Felling better, having said that.
However, I also refuse to name them “animals”. That is a trick which is frequently used by those who want to establish legitimacy for their own unethical and horrible action. The Nazis created the word “Untermensch”, shamefully staining the German history. Many others did, and continue to do, exactly the same. By depriving somebody from being considered a human being, genocidaires and mass murderers can justify action that otherwise would be morally or ethically questionable, and it makes it easier for the killers who they need, to kill for them.
No, this butcher may be whatever curse I can find for him (feeling better thereafter), but he remains a human being. As such, my rules of the game apply for what I stand for: Humanity.
However:
When I saw the video yesterday, I was immediately overwhelmed by a complex mixture of feelings including rage, despair, deepest sadness, shock. I cried and needed to compose myself immediately again, because some children were in the other room.
From then on, I literally obsessed for hours, when ever I had a minute, about what I would do if I would get my hands on this black clad coward butcher. Yes, coward, because he is hiding his ugly face. I do not. I had all sorts of day dreams about how to torture this man, in detail.

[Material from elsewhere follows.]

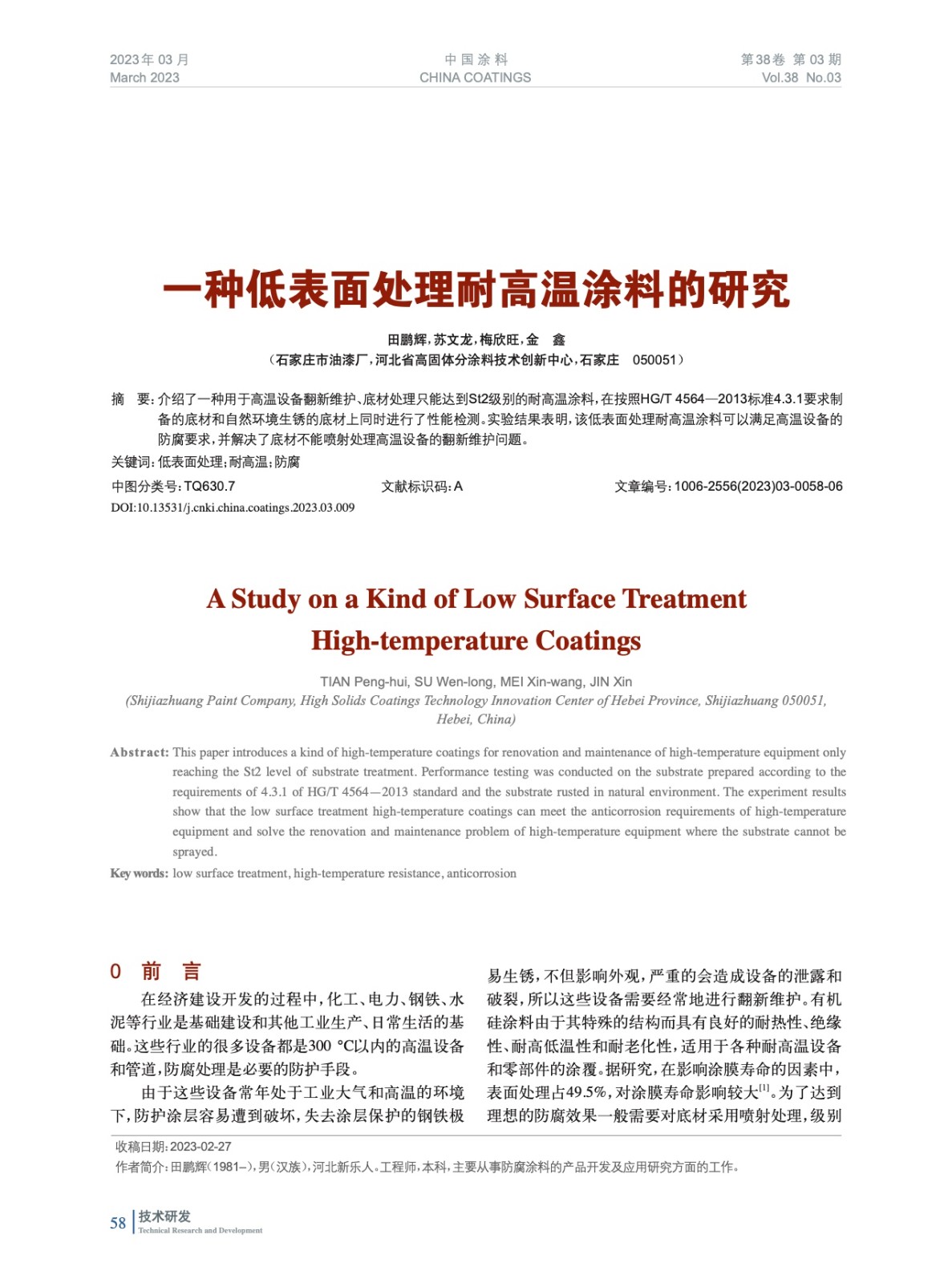 本文系作者@田鵬輝,蘇文龍,梅欣旺,金 鑫 授權中國涂料網發表,并經中國涂料網編輯,未經允許不得轉載,如需轉載請聯系chinacoatingnet@vip.163.com

It took me a hard time to recover into my spirituality, into not only understanding on an intellectual level that this is EXACTLY what they want us to feel, but also to admit on my spiritual level that any such retaliation would be wrong for all intents and purposes.
We only have one chance to demonstrate our values: By adhering to them. So I am talking about my values here.
I remember my father. I was young, and he would refer to Jesus’ sentence saying that if one gets slapped on one cheek, one should offer the other cheek to the offender, too. My father often said that he would have difficulties with that. Instead, he considered some situations justifying the principle “An Eye for an Eye”.
I have two answers, one with my heart, one with my brain:
My heart tells me that I would give up my soul, and my spirituality, if I would give in into ripping that butcher’s nails off his fingers and toes, one by one. Well, it gives me some relief thinking about it, though, frankly. But that’s about it, that’s about as far as I can go, and it already makes me praying for that this resentment is taken away from me with the help of my Higher Power.
Secondly, my brain tells me that this is exactly what these groups want us to feel: They thrive from this. Because, amongst other reasons, think about what they did, too: They requested 100 Million USD ransom money.
They are not only a bunch of terrorists. They belong to an organized crime organization, they capture people in order to make money in order to exercise power. They are true sociopaths, like every organized crime group is, because they give an ethical and moral damn about how to generate money, how to establish power. If they can make more money by legal means, they will just do that. If they can make more money by chopping heads off, well, they will just do that.
That is who they are. In their cold and well crafted strategy, they aim at taking our values away from us, by making us doing what they do.
They are sociopathic criminals. They don’t feel anything like empathy. So, we treat them as such. We apply the rule of law to them. Because that is what is protecting our values, and our humanity.
Never. Never again.
So timely and so much your true self. Thank you, Stefan!